Thursday, 21 November 2013

Berlin 2


 The non-soccer highlight of the trip was the walking tour we took on Saturday night, another one of the parent chaperones is a teacher and he took on the role of tour guide. We saw many impressive buildings on the walk but they aren’t what I will remember the most.
One of the things Leanne said she remembered about Berlin from her first visit 13 years ago were all the cranes, Berlin is still a city under construction which makes it an intriguing combination of old and new. Alexanderplatz was where our walk began and it feels very new and modern, and is at the base of the Berlin radio tower that served as a point of reference to help us figure out where we were. After the tower, which has a rotating visitor platform and restaurant, we stopped to visit Marx and Engels. Though communism has left Germany, Marx and Engels remain as a reminder and a draw for tourists who clamour to sit in Marx’s’ lap.

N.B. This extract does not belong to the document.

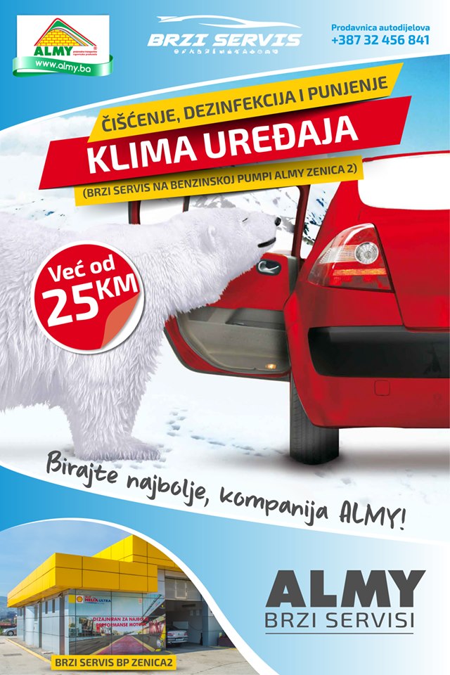 Pripremite se za ljetne vrućine – ćišćenje, dezinfekcija i punjenje auto klime – Dolazi nam ljeto i klima uređaj u Vašem automobilu će se svakodnevno koristiti. Ne dovedite se u situaciju da vam klima uređaj otkaže poslušnost. Pripremite svoje vozilo za vruće ljetne dane u ALMY BRZOM SERVISU u sklopu benzinske pumpe ALMY ZENICA 2.

Further down the street we came to the Brandenburg gate, I’ll let Wikipedia do the work: The Brandenburg Gate (German: Brandenburger Tor) is a former city gate, rebuilt in the late 18th century as a neoclassical triumphal arch, and now one of the most well-known landmarks of Germany

As the tour progressed I became appreciative of the fact that we were seeing it all at night, different lighting makes for a different experience and a night viewing felt right, especially as we came to the Holocaust Memorial. The Memorial to the Murdered Jews of Europe is a 4.7acre expanse of concrete slabs arranged on a sloping field, the shadows at night gave it a haunted feel and there was something very powerful in the simplicity, perhaps owing to the scope of the field.


Beyond the walking tour we also toured around a lot looking for soccer games, they never seemed to be where they were supposed to be. Owing to the fact that we were the largest group of non-players, being two parents and a younger brother, we were assigned to the public transit team for the games on Saturday and Sunday. This was okay as we got to see parts of the city we wouldn’t otherwise have seen and there is something about the Berlin trains that made me feel like I was in a movie. Each time I saw one I got the feeling that I was in a futuristic story, one where peace is new and people are wildly expressing themselves in their new found freedom, and the city is under constant rebuilding. Perhaps such a movie was made and filmed in Berlin and I just don’t remember the name, maybe it is a combination of different stories, or maybe it is the mix of new and old, the abandoned buildings with smashed windows, the ultramodern seemingly constructed of glass, and the cranes; whatever it was it gave me the feeling that I was in a story that was not my own. Maybe it was the tricksters.